Even when it is apparent and planned for a protest to occur peaceably, that isn't good enough for those who wish to punish the protestors. "After careful planning and training, nine members of the NAACP Youth Council — Meredith Anding, Samuel Bradford, Alfred Cook, Geraldine Edwards, Janice Jackson, Joseph Jackson, Albert Lassiter, Evelyn Pierce, and Ethel Sawyer — attempt to use the white-only Jackson public library on March 27. They sit quietly at different tables reading books that are not available in the "colored" library. When the nine refuse to leave, they are arrested for "Disturbing the Peace"."

Additionally, there is this: "During the next few days images of children being blasted by high-pressure fire hoses, clubbed by police officers, and attacked by police dogs appeared on television and in newspapers, triggering international outrage." Apparently, young people being attacked has become a blame-the-victim situation in the Great US of A.

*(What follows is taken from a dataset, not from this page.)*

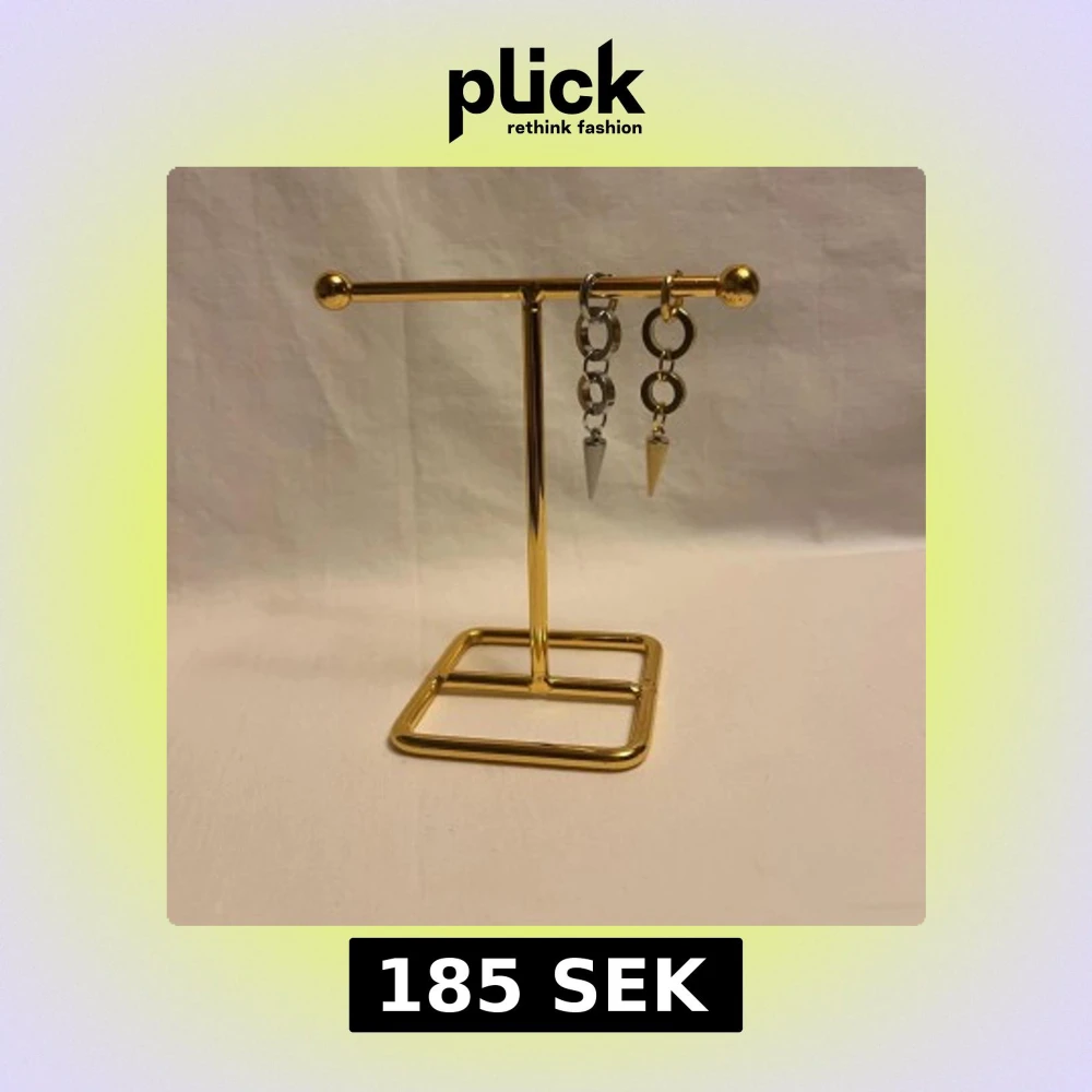 Säljer ett par coola chunky örhängen i silver och guld med stora ringar och konformade hängen. De har en edgy vibe och passar perfekt om du gillar statement-smycken. Materialet är metall och designen är modern med kontrasterande färger.

Again, how poignant that such historical events should so closely match the goings-on of today's protestors and the police that arrest them. One wonders if it is a matter of using what they believe works, or if it is lack of creativity, or even lack of any REAL actions available, that causes the established system to use the same tactics over the course of an entire century.


Secondly, I am going to approach this from a legal/constitutional aspect. The question being: At what point does a legal ordinance or local law be held above the rights granted in the Constitution.

The answer, in the Constitution itself, is as follows: "This Constitution, and the laws of the United States which shall be made in pursuance thereof; and all treaties made, or which shall be made, under the authority of the United States, shall be the supreme law of the land." For those who do not speak "legalese," that means NEVER. The local laws are to maintain peace under NORMAL, everyday situations. They do not have the authority to trump the 1st Amendment rights of the Constitution... unless the established system refuses to perform their duties appropriately and Constitutionally.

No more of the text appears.